By Sheriff David Clarke Jr with Nancy French (2017, Worthy Publishing) 256 pages including notes, no index

Sheriff David Clarke Jr. may put some people in mind of African American high school principal Joe Clark (“Crazy” Joe Clark to his legion of detractors): an authoritative, outspoken black man with some measure of bureaucratic power who winds up being championed by white conservatives. Joe Clark won fame back in the 1980s when he became the principal of the dysfunctional, indeed dangerous, Eastside High School in Paterson, New Jersey. He got this job because of the miracle he performed in transforming School No. 6, a terrible elementary school in a terrible Paterson neighborhood. Frank Napier, school superintendent, convinced a reluctant Clark to go to Eastside. In his lonely fight against violent drug-peddling thugs, apathetic, hostile students, uninspired and incompetent teachers, and indifferent, unsupportive parents, Clark, armed with a baseball bat and a bullhorn, marched the halls of the school, berating teachers—yelling at parents, and organizing “works” projects for the students—wrenching order and discipline and ultimately some level of success out of chaos and horror. He instilled pride in the students and a sense of hope and mission in the teachers. Something like that happened.

Morgan Freeman starred in the 1989 film—Lean on Meabout Clark’s battle against the incompetent liberal power structure that indulged or ignored black children, displaying no real concern for their education. (That liberties were taken in the filming nearly goes without saying.) The conservative publisher Regnery issued Clark’s 1989 book about his time running Eastside High, Laying Down the Law: Joe Clark’s Strategy for Saving Our Schools. (It is hard to imagine in our intensely polarized political climate today that Freeman would ever play someone like Clark, a Republican, and even harder that Hollywood would make a film about him.) Clark did bring order to Eastside, but the school showed no improvement academically. His critics complained that he expelled a few hundred of the worst or the most hopeless students which made his job easier. The title of his book says it all: a new sheriff had come to town and black people, a disorderly, undisciplined, and semi-pathological bunch, needed to have someone come in and “lay down the law.” For those who liked Clark, it all feels a bit like the morality of a western. For many of Clark’s detractors, it seemed awfully much like the belief of plantation owners and overseers: Negroes needs a stern, even harsh, regimen in order to be useful to themselves and others. David Clarke is of course literally a sheriff, a law and order guy of the first magnitude. His book does indeed “lay down the law.” He, like principal Clark, is also that somewhat rare bird: a black Republican. That is a bit like being a blonde in a brunette town, to use an old expression. What is even rarer is that he is a black Republican who, because of circumstances, has been forced to run for sheriff as a Democrat. That is a bit like being a blonde with an ill-fitting, ratty-looking brunette wig in a brunette town. Clarke, being outspoken as a conservative is his stock-in-trade, does not even pretend to wear the bad-looking wig, but rather enjoys stomping all over it. If Hollywood ever makes a movie about David Clarke, I would be surprised.

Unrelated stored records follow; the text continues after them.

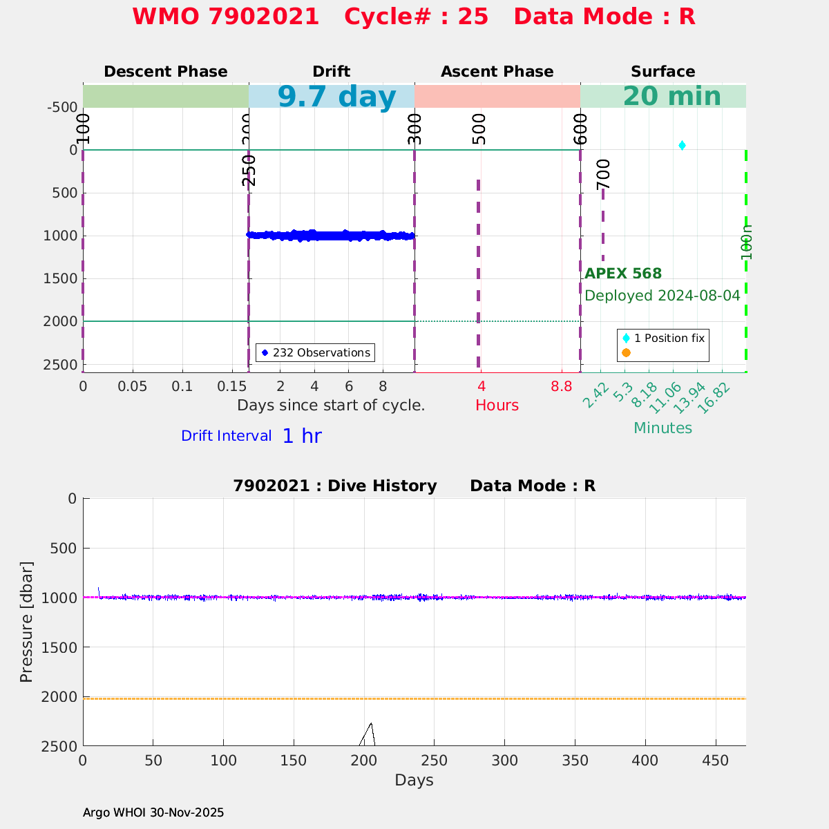 | WMO: #7902140 DAC: aoml PI: STEPHEN RISER/KEN JOHNSON APEX: #10309 SBE41CP: #18927 DRUCK_2900PSIA: #12182548 AANDERAA_OPTODE_4330: #4039 ISUS: #1124 DURA: #1124 UNKNOWN: #7715 ECO_FLBBFL_AP2: #7715 Altimeter Comparison (IFREMER) EuroArgo Link | ![]() |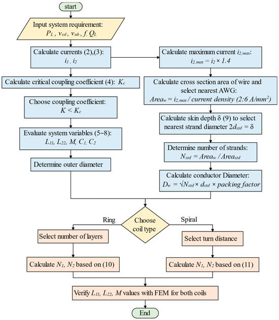 To mitigate these losses, Litz wire consists of multiple thin, individually insulated strands woven to distribute the current evenly across its cross-section. This structure ensures that the current density is uniform, thereby minimizing resistive losses. The diameter of each strand in the Litz wire is selected to be less than twice the skin depth () calculated in Equation (9) [], where represents the resistivity of copper, is the operating frequency, and is the permeability of free space. By ensuring that the strand diameter is less than 2, the design effectively minimizes the resistive losses associated with high-frequency operation []. This approach enhances the efficiency and reliability of the WPTS while meeting industry standards for performance. This careful selection of wire type and strand dimensions is a critical step in the design process, ensuring that the system achieves an optimal performance under the specified operating conditions, as shown in Figure 2. Furthermore, Figure 2 emphasizes the importance of selecting the optimum number of turns for the ring and spiral coils to achieve the desired inductive characteristics. This step is crucial for optimizing the coupling configuration and ensuring efficient power transfer under the specified operating conditions. After this design phase, the inductive characteristics of coils are validated analytically and using finite element method (FEM) simulations, as discussed in Section 4.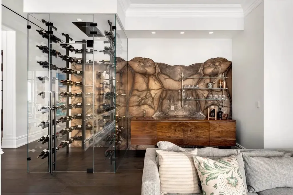 Inside, the open living area boasts a 180-bottle glass-front wine cellar, handcrafted wood bar, and a Sonos sound system for entertaining. The chef’s kitchen is a showcase of craftsmanship, with marble and dolomite countertops, a custom mosaic backsplash, and a wine tap built into the island.

Sheriff David Clarke Jr. of the Milwaukee County Police Department (elected four consecutive terms since 2002) also reminds us of other self-promoting cops of the past like former Philadelphia mayor Frank Rizzo, former FBI director J. Edgar Hoover, former Prohibition agent and Cleveland director of public safety Eliot Ness, and former Arizona sheriff and immigration hardliner Joe Arpaio. The main difference is that Clarke is African American. In this age of mass incarceration and black over-representation in prison, the fact that a black man can become so renowned for tough-sounding law and order rhetoric is something of a minor feat, an ironical bit of PR, even though Clarke is hardly unique as a big city, big-time black cop. Perhaps he aspires to higher political office. At 60, he ought not to wait much longer to hunt bigger game.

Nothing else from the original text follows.